Honestly, I just threw this generic table together because it
illustrates how Instrumentation can subsume existing standards.
These Unicode tables will provide a native way to enter text from
multiple writing systems so that it can be used with
Instrumentation's internal search functions. There are probably
many "More Intuitive" text table formats than this direct import,
but this is usable, if awkward.
Including the Unicode
tables will make Instrumentation independent of the need for any
keyboard beyond the Instrumentation
Chorded Keyboard for entering text in any character set
covered by Unicode.
EBCDIC
(actually "Extended, Binary Coded Decimal, Interchange
Code") is the character table used by teletypes and the IBM
System/360, which was the 8 Kilobyte mainframe computer used
in the 1960s. That's right, 8K of RAM. If you needed more space
than that, you had to page it in and out from the tape
memory back-up.
Those old movie images of (BIG SCARY COMPUTER!) reel to reel tapes spinning madly are actually showing the computer reading and writing its 8K of RAM while it slogs through some "COmmon Business Oriented Language" sort routine. Of course, this was when magnetic core memory was used and a 'bit' occupied a chunk of ferrite that you could see without your bifocals (and still, we were happy).

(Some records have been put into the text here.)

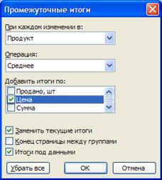 Пример 4. В базе данных (рис. 1) нужно подвести итоги по полю Оборудование– вывести среднюю цену. Для этого необходимо выполнить команду Данные – Итоги. В диалоговом окне Промежуточные итоги установить параметры в соответствии с рис. 1 6.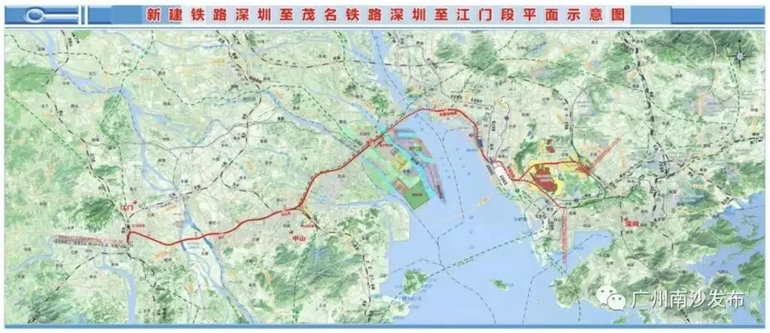 中段經(jīng)由南沙、中山,溝通珠澳,西至江門樞紐,西端在江門樞紐組合銜接多條高鐵,輻射粵西海南及西南廣大片區(qū)。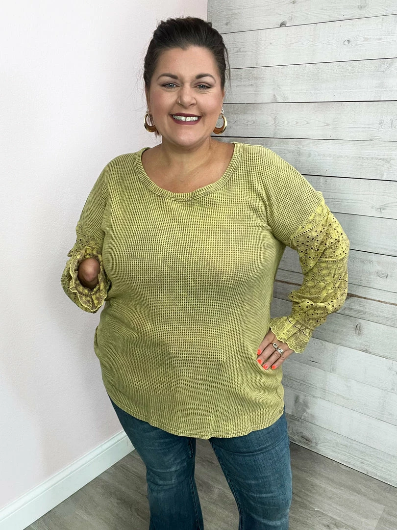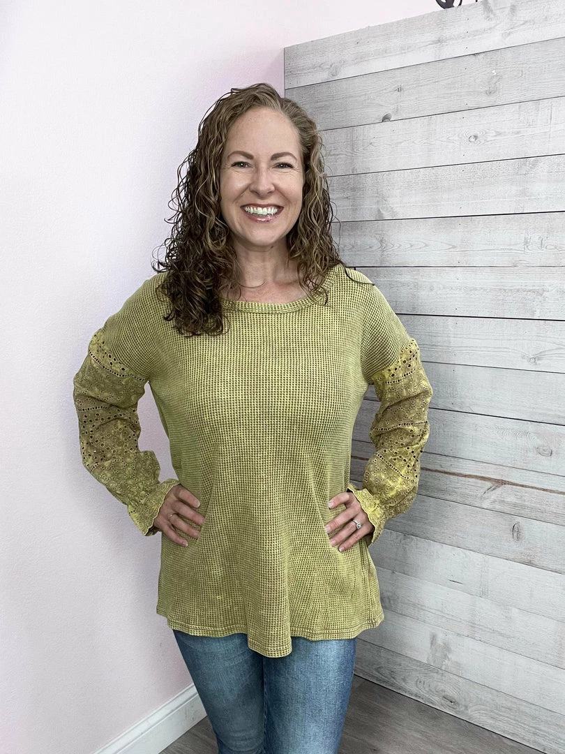Dark washed yellow thermal top featuring a round neckline, lace splicing long sleeves, and a straight hemline. True to size!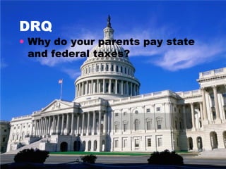 The document discusses the division of powers between the federal and state governments in the United States. It outlines three types of delegated powers given to the federal government by the Constitution: expressed powers that are listed, implied powers that are suggested but not listed, and inherent powers that national governments have historically possessed. It also mentions that states and the federal government share concurrent powers and that reserved powers belong to the states and are those not given to the federal government or prohibited to the states.

This block is just one small part of the Unicode 3.1 (ISO 10646-2) standard (I think). Instrumentation can encode 24 bits in a single area, so we should be able to import the entire useful part of the UCS address space with no modification. I picked EBCDIC, because:
There will be many other single and double byte character maps
within this Area of the Instrumentation address space, this just
happens to be the one I used as an example.
This block doesn't actually use the Types at all. The number in
each cell is the "Symbolic Name" from the Linux "charmap" schema.
The "Character Encoding" number might have been a better choice,
but I picked the one that was easiest to scan (the HTML tables
below were created by a Java program that I wrote).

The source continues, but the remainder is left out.